Merujuk pola pikir yang demikian, dibutuhkan suatu telaah secara menyeluruh, termasuk telaah ekonomi. Dalam tautan makna yang demikian, Cohn (Wardiman dan Suryadi, 1999) memformulasikan takrif ekonomi pendidikan sebagai berikut: “Suatu studi tentang bagaimana manusia baik secara perorangan maupun kelompok membuat keputusan dalam rangka mendayagunakan sumber-sumber daya yang terbatas agar dapat menghasilkan berbagai bentuk latihan, pengembangan ilmu pengetahuan, keterampilan, buah pemikiran, sikap dan nilai, khususnya melalui pendidikan formal serta bagaimana mendistribusikannya secara merata dan adil di antara berbagai kelompok masyarakat.”
Pada awalnya Beeby (Rangkuti, 2015) mempertahankan bahwa ekonomi pendidikan hanya mempercakapkan aspek-aspek di luar sistem pendidikan, seperti dampak pendidikan terhadap ekonomi dan pasar kerja. Kualitas pendidikan hanya diukur dengan model kemampuhasilan (produktivitas).
Aspek-aspek di dalam proses pendidikan itu sendiri dianggap bukan garapan para ekonom. Dalam perkembangan selanjutnya (sesuai takrif di atas) para ekonom mulai memperluas wawasannya dengan membahas sistem pendidikan secara komprehensif sesuai kerangka pemikiran education as an industry yang meliputi input, proses, output dan outcome pendidikan.
Perkembangan tersebut dipengaruhi oleh tumbuh dan berkembangnya perspektif investasi sumber daya manusia sejak zaman doktrin klasik, neo klasik hingga zaman human capital modern. Pandangan yang mengatakan manusia sebagai cost of production approach sejak masa Ernst Engel (1883) dan Theodore Wittstein (1867) berubah ke arah manusia sebagai sumber inspirasi yang mampu melipatgandakan produksi di luar perhitungan biaya produksi.

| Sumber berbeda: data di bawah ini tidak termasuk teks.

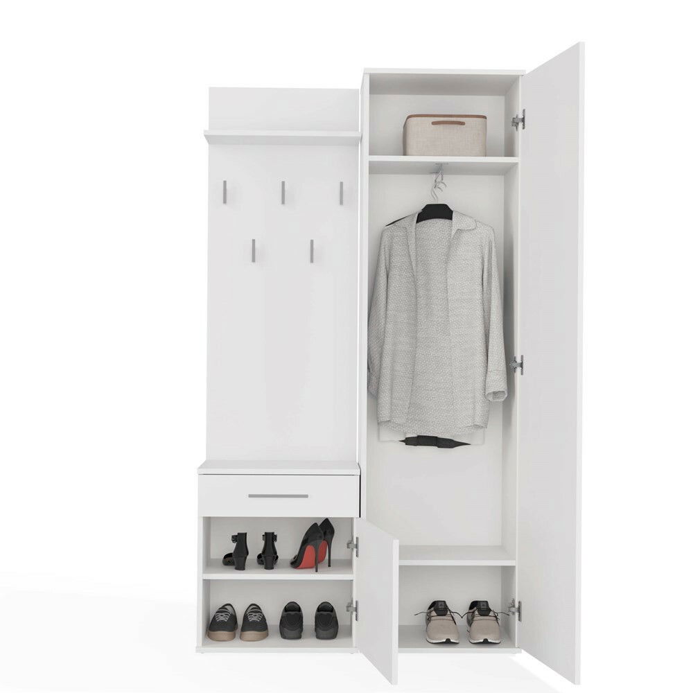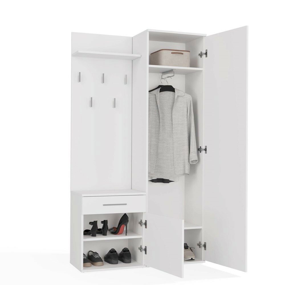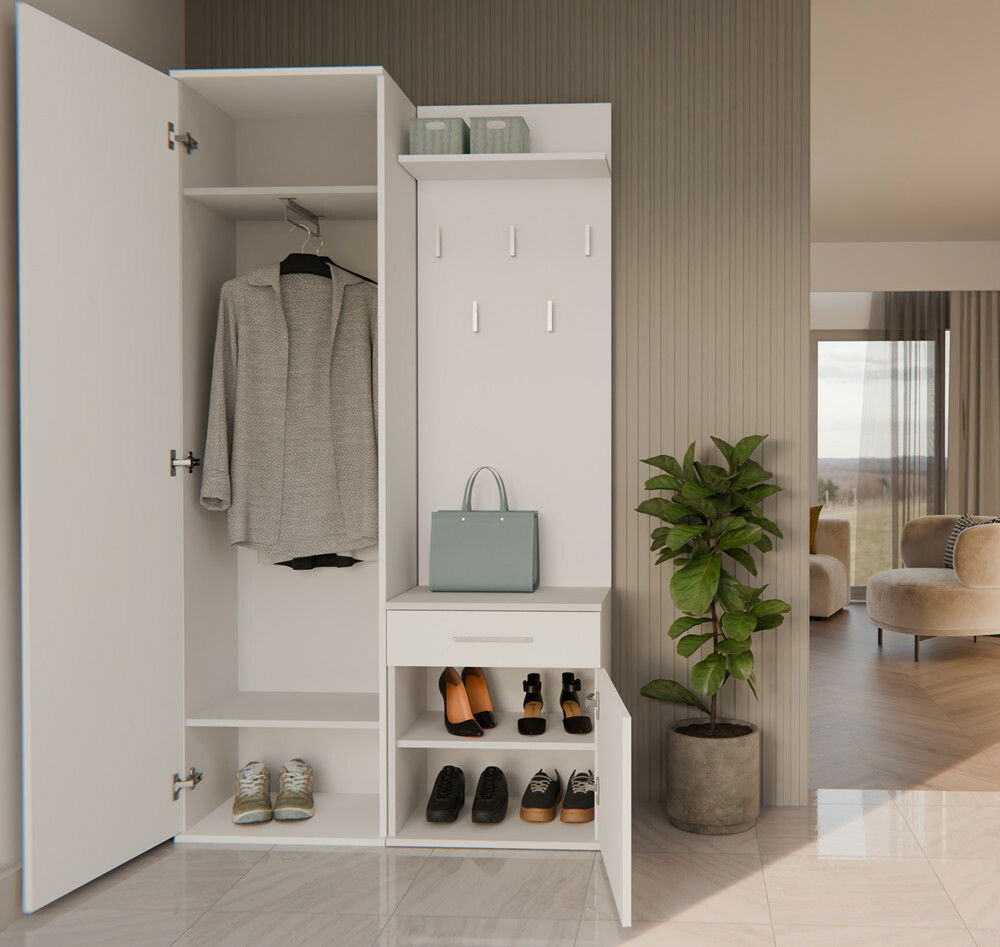 ZobrazitPředsíňová sestava Dialogos 1 je ideálním řešením pro ty, kteří hledají spojení elegance a funkčnosti ve svém interiéru. S moderním designem a bílou barvou, tato sestava nabízí prostornou šatnu s praktickým zrcadlem, šuplíkem a menší skříní, která zajišťuje dostatek úložného prostoru. Díky možnosti montáže na zeď je zaručena stabilita a úspora místa, což oceníte zejména v menších předsíních. Sestava je vyrobena z kvalitní laminované dřevotřísky, což zaručuje její dlouhou životnost a snadnou údržbu.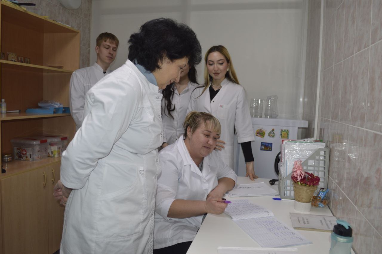 Студенты специальности «Сестринское дело» в кабинете доврачебной помощи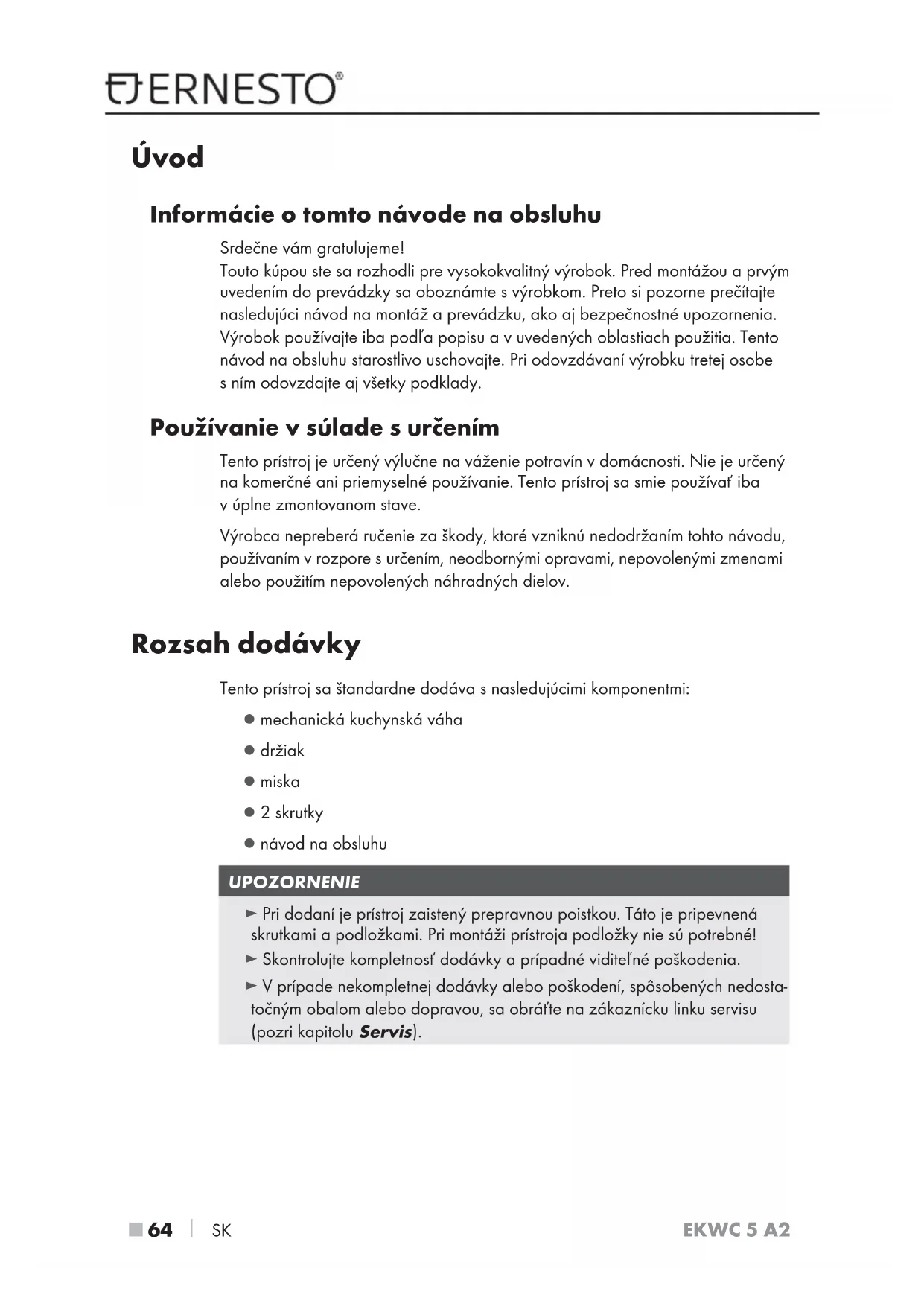 SK Úvod Informácie o tomto návode na obsluhu Srdečne vám gratulujeme! Touto kúpou ste sa rozhodli pre vysokokvalitný výrobok. Pred montážou aprvým uvedením do prevádzky sa oboznámte svýrobkom. Preto si pozorne prečítajte nasledujúci návod na montáž a prevádzku, ako ajbezpečnostné upozornenia. Výrobok používajte iba podľa popisu avuvedených oblastiach použitia. Tento návod na obsluhu starostlivo uschovajte. Pri odovzdávaní výrobku tretej osobe sním odovzdajte aj všetky podklady. Používanie vsúlade surčením Tento prístroj je určený výlučne na váženie potravín vdomácnosti. Nie je určený na komerčné ani priemyselné používanie. Tento prístroj sa smie používať iba v úplne zmontovanom stave. Výrobca nepreberá ručenie za škody, ktoré vzniknú nedodržaním tohto návodu, používaním v rozpore s určením, neodbornými opravami, nepovolenými zmenami alebo použitím nepovolených náhradných dielov. Rozsah dodávky Tento prístroj sa štandardne dodáva snasledujúcimi komponentmi: ▯ mechanická kuchynská váha ▯ držiak ▯ miska ▯ 2 skrutky ▯ návod naobsluhu UPOZORNENIE ► Pri dodaní je prístroj zaistený prepravnou poistkou. Táto je pripevnená skrutkami a podložkami. Pri montáži prístroja podložky nie sú potrebné! ► Skontrolujte kompletnosť dodávky aprípadné viditeľné poškodenia. ► Vprípade nekompletnej dodávky alebo poškodení, spôsobených nedosta- točným obalom alebo dopravou, sa obráťte na zákaznícku linku servisu (pozri kapitolu Servis

Teori human capital modern merupakan suatu aliran pemikiran yang menganggap bahwa manusia merupakan suatu bentuk kapital sebagaimana bentuk kapital lainnya seperti: teknologi, uang, tanah dan mesin yang sangat menentukan terhadap tingkat kemampuhasilan nasional. Melalui investasi diri seseorang dapat memperluas kementakan (alternatve) untuk memilih profesi, pekerjaan atau kegiatan-kegiatan yang lain untuk meningkatkan kesejahteraan hidupnya.
Perspektif lain yang tidak semata-mata tercurah pada sisi teknis pendidikan adalah teori credentialism atau screening hypothesis. Teori ini kurang menaruh perhatian pada proses berlangsungnya pendidikan. Pandangan ini menganggap proses pendidikan tidak penting: yang penting adalah peranan pendidikan sebagai public goods yang menyediakan kesempatan yang adil dan merata sehingga berinduksi pada pendistribusian pendapatan secara merata.
Perspektif lain yang dapat digolongkan ke dalam Neo Marxism ialah teori dual labor market hypothesis yang disponsori oleh para pemikir segmentist seperti Cain (Hendrawan, 2006), yang mencoba menggabungkan sisi psikologis, sisi politis dalam konteks proses melalui screening.
Dalam kegamangan makna yang kontroversial itu pada akhirnya para ekonom sepakat tentang ilmu ekonomi pendidikan yang merupakan hasil pengembangan teori human capital. Dalam tautan yang demikian, teori human capital menganggap tenaga kerja sebagai pemegang kapital yang tercermin dalam keterampilan, pengetahuan dan kemampuhasilan (produktivitas) kerjanya (Todaro, 1994).
Kalau tenaga kerja sebagai pemegang kapital, maka mereka dapat menginvestasikan dirinya dan bukan untuk dimanfaatkan bagi keuntungan seseorang, kelompok, tuan tanah, majikan, pemilik modal, dan sebagainya. Jika eksploitasi terjadi, tenaga kerja hanya memiliki fungsi sebagai alat produksi terhadap kekayaan pemilikan proses produksi, maupun hasil produksi. Dengan begitu keuntungan potensial tenaga kerja dipindahkan ke tangan para pemilik modal. Hal inilah yang oleh Korten (1997) disebut “tenaga kerja hanya dijadikan obyek dan bukan sebagai subyek”.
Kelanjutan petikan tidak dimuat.